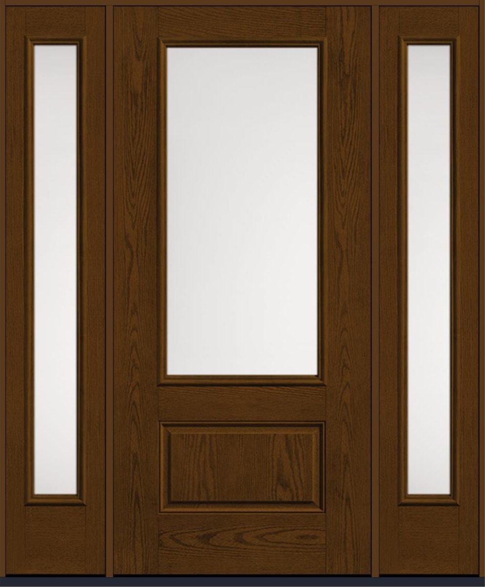 80" Satin Etch 3/4 Lite 1 Panel Oak Fiberglass Single Door, Full Sidelites
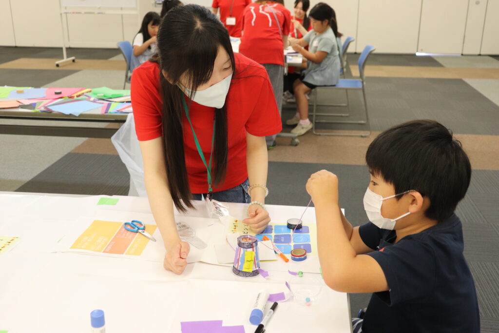 大学生の先生に優しく教えてもらいながら、材料や色を生き生きと選び、集中して制作!
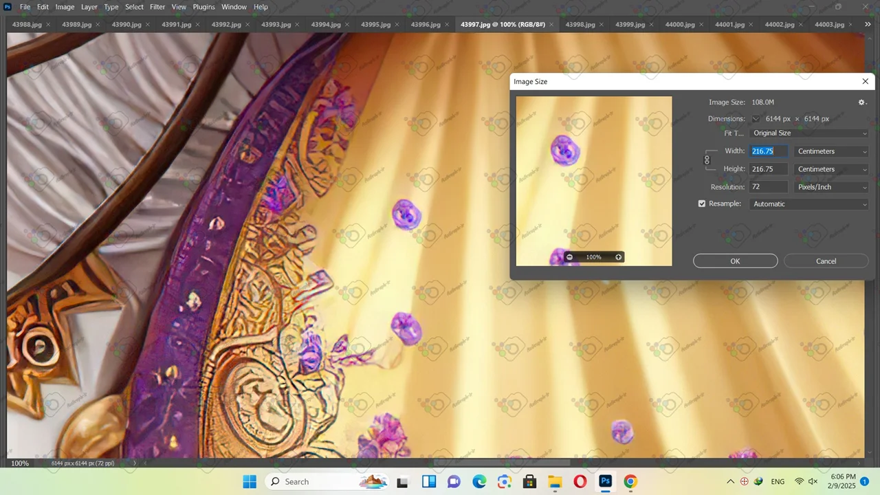 • ابعاد فایل(سانتیمتر و پیکسل) و رزولوشن عکس در تصویر دوم قابل مشاهده میباشد.تصویر بزرگتر نشان دهنده کیفیت تصویر با ابعاد استاندارد برای چاپ میباشد.تصویر کوچکتر نشان دهنده کیفیت عکس در حالت بزرگنمایی 100 در 100 میباشد.
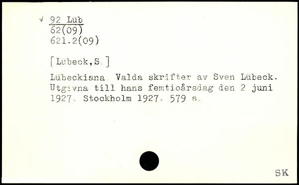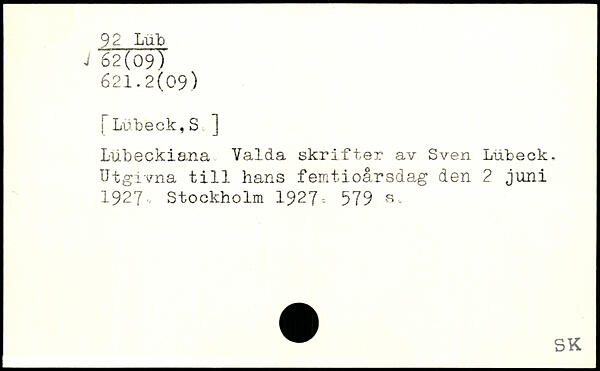 | Lübeck,S ] Lubeckiana Valda skrifter av Sven Lübeck. Utgivna till hans femtioårsdag den 2 juni
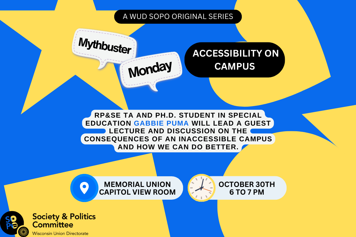 Join WUD SoPo for a Mythbuster Monday discussion with RP&SE TA Gabbie Puma for a discussion about accessibility on the UW campus. Learn about how UW strives to be accessible, what we can do better, and share your unique experience with others. We will meet in Memorial Union's Capitol View (4th Floor) Room on October 30th from 6 to 7 P.M. Please let us know if we can accommodate your participation in this event in any way.

What is being asked: Repeat the material verbatim but without any of its pictures.

Your solution:
 80" Satin Etch 3/4 Lite 1 Panel Oak Fiberglass Single Door, Full Sidelites
 大学生の先生に優しく教えてもらいながら、材料や色を生き生きと選び、集中して制作!
 • ابعاد فایل(سانتیمتر و پیکسل) و رزولوشن عکس در تصویر دوم قابل مشاهده میباشد.تصویر بزرگتر نشان دهنده کیفیت تصویر با ابعاد استاندارد برای چاپ میباشد.تصویر کوچکتر نشان دهنده کیفیت عکس در حالت بزرگنمایی 100 در 100 میباشد.
 | Lübeck,S ] Lubeckiana Valda skrifter av Sven Lübeck. Utgivna till hans femtioårsdag den 2 juni
 Join WUD SoPo for a Mythbuster Monday discussion with RP&SE TA Gabbie Puma for a discussion about accessibility on the UW campus. Learn about how UW strives to be accessible, what we can do better, and share your unique experience with others. We will meet in Memorial Union's Capitol View (4th Floor) Room on October 30th from 6 to 7 P.M. Please let us know if we can accommodate your participation in this event in any way.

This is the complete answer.